Pandemic influenza in pregnant women

Pandemic (H1N1) 2009 briefing note 5

31 JULY 2009 | GENEVA — Research conducted in the USA and published 29 July in The Lancet [1] has drawn attention to an increased risk of severe or fatal illness in pregnant women when infected with the H1N1 pandemic virus.

Several other countries experiencing widespread transmission of the pandemic virus have similarly reported an increased risk in pregnant women, particularly during the second and third trimesters of pregnancy. An increased risk of fetal death or spontaneous abortions in infected women has also been reported.

Increased risk for pregnant women

Evidence from previous pandemics further supports the conclusion that pregnant women are at heightened risk.

While pregnant women are also at increased risk during epidemics of seasonal influenza, the risk takes on added importance in the current pandemic, which continues to affect a younger age group than that seen during seasonal epidemics.

WHO strongly recommends that, in areas where infection with the H1N1 virus is widespread, pregnant women, and the clinicians treating them, be alert to symptoms of influenza-like illness.

WHO recommendations for treatment

Treatment with the antiviral drug oseltamivir should be administered as soon as possible after symptom onset. As the benefits of oseltamivir are greatest when administered within 48 hours after symptom onset, clinicians should initiate treatment immediately and not wait for the results of laboratory tests.

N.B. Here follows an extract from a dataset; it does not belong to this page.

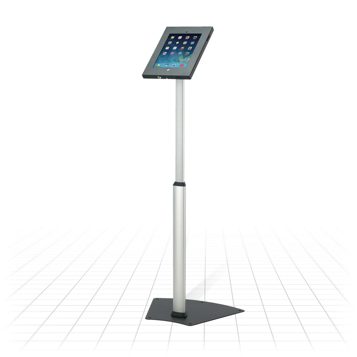 For added stability, the iPad Telescopic Stand can be securely mounted to the floor using the supplied fixings. This feature guarantees that the stand remains firm and stationary, even in bustling environments. It is compatible with most tablets sized between 220 x 160mm and 245 x 9mm, though it is not suitable for the 2019 10.2” iPads or 10.5” and 12.9” iPad Pro models. With a 2-year warranty, this stand is designed for long-lasting reliability and performance.
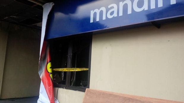 Sisa-sisa gosong pun terlihat di sana-sini. Tim labfor juga beberapa kali tampak membawa sejumlah barang keluar dari KCP Bank Mandiri, termasuk salah satunya adalah kotak dari besi.

While treatment within 48 hours of symptom onset brings the greatest benefits, later initiation of treatment may also be beneficial. Clinical benefits associated with oseltamivir treatment include a reduced risk of pneumonia (one of the most frequently reported causes of death in infected people) and a reduced need for hospitalization.

WHO has further recommended that, when pandemic vaccines become available, health authorities should consider making pregnant women a priority group for immunization.

Danger signs in all patients

Worldwide, the majority of patients infected with the pandemic virus continue to experience mild symptoms and recover fully within a week, even in the absence of any medical treatment. Monitoring of viruses from multiple outbreaks has detected no evidence of change in the ability of the virus to spread or to cause severe illness.

In addition to the enhanced risk documented in pregnant women, groups at increased risk of severe or fatal illness include people with underlying medical conditions, most notably chronic lung disease (including asthma), cardiovascular disease, diabetes, and immunosuppression. Some preliminary studies suggest that obesity, and especially extreme obesity, may be a risk factor for more severe disease.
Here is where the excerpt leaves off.